Having decided what property Wendt uses for exempt and non-exempt purposes, the Court  now  considers  whether Wendt has shown that it  predominately  used  the tangible personal property at issue in providing public transportation.   The Court has acknowledged that there are many ways to show that items are predominantly used in an exempt manner. See Indiana Waste Systems Ind., Inc. v. Indiana Dep’t of State Revenue, 644 N.E.2d 960, 961-62 (Ind.
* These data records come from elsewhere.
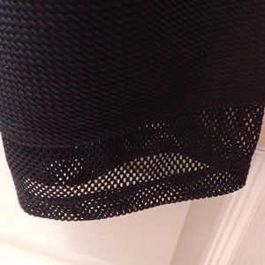 Comfortable pull-on black capris; almost a waffle fabric (texture); mesh at bottom, cut-out at front of pant leg - so cute.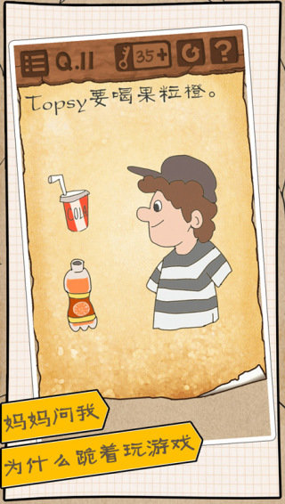 8、按住橙汁晃动手机,然后把橙汁拖向Topsy【喝果粒橙前要摇一摇】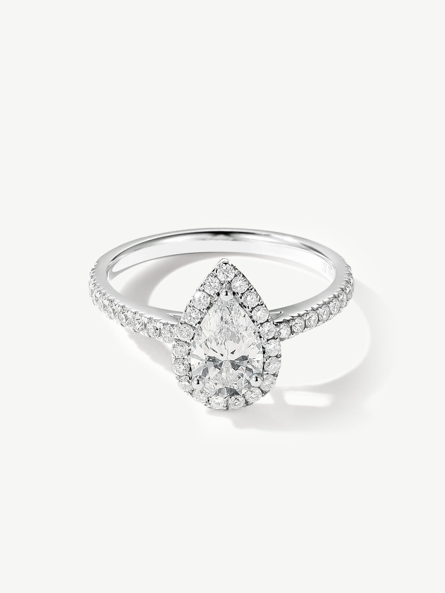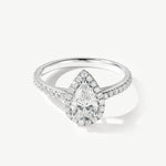 "Timeless Accord" Halo Pear Shape One Carat Diamond Engagement Ring in 14K Solid Gold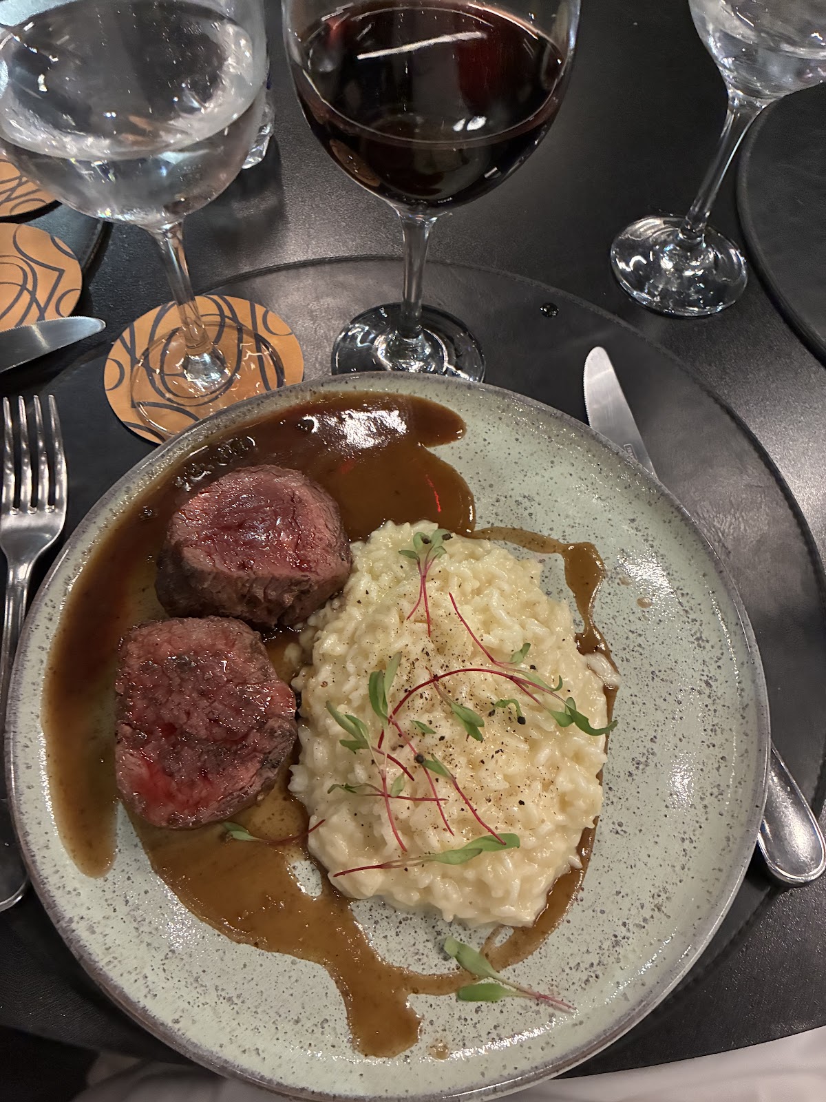 Sobre o prato principal eu nunca vi um risoto de nada tão perfeito com uma textura tão boa.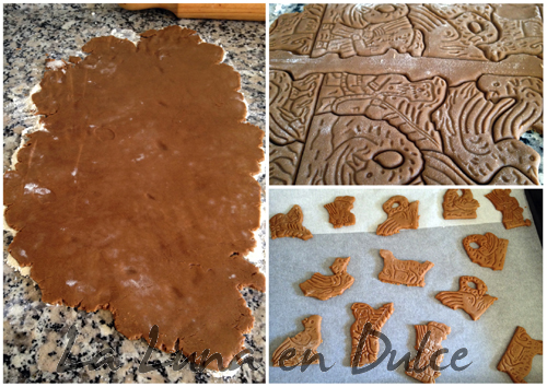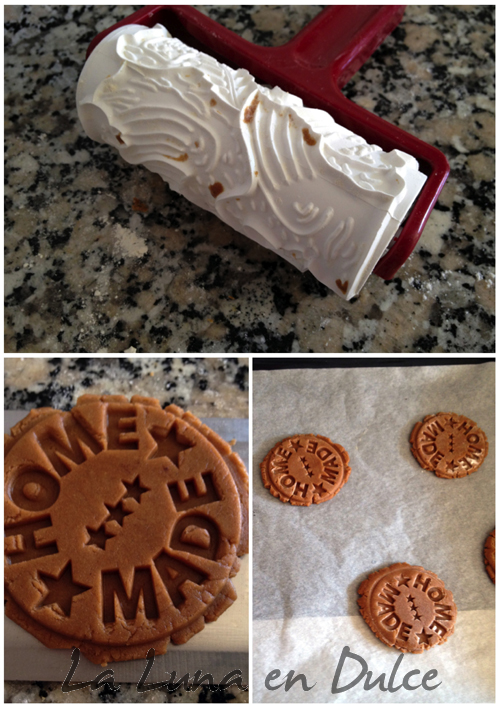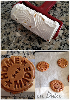 7.Pasado ese tiempo, espolvorear harina sobre la superficie de trabajo, y con la ayuda de un rodillo de cocina estirar, y cortar las galletas con nuestro corta pastas favorito. En este caso Yo utilicé dos, un rodillo que deja galletas con forma de animales y duendes, y por otro lado el sello de "HOME MADE" que tanto me gusta.

Tax Ct. 1994).  For example, predominate use may be shown by providing credible testimony,  providing the ratio of income derived from the property’s exempt use to the income derived from its non-exempt use, providing the ratio of the time spent using the property in an exempt manner to the time it is used in a non-exempt manner,  or providing a similar ratio calculation based on volume.  See id.; Calcar Quarries, 394 N.E.2d at 941. 

Here, the evidence at trial established how Wendt used its property with respect to its public transportation process and optional services.  (See, e.g., Resp’t Des’g Evid. Vol. 2, Ex.  20 at 10-89; Ex. 24  at  5-6, 10-12.)   Furthermore, the  uncontroverted testimony of Mr. Jere Wendt, one of Wendt’s founding partners, established that, during  the years at issue, 70 percent of  the jobs Wendt performed involved the provision of public transportation.   (See Trial Tr. at 39-40,  61-73.)    The Court not only  finds Mr. Wendt’s testimony to be credible, but also finds that his testimony is corroborated by the
Department’s audit findings.  The auditor’s block sample shows that nearly 70 percent of Wendt’s jobs involved the exclusive provision of public transportation.  Accordingly, the evidence before the Court leads to only one reasonable conclusion:  between the 2001 and 2004 tax years, Wendt predominately used its property in providing public transportation, and the Department erred in concluding otherwise.


For the above-stated reasons, the Court AFFIRMS the Department’s determination that items predominately used for estimate preparations, machinery reassembly, and lawn care were  not  entitled to  the public transportation.  All of the Department’s  remaining  determinations, however,  are  REVERSED.   Accordingly, the Court REMANDS the matter to the Department and ORDERS it to make the necessary
determinations in accordance with this opinion.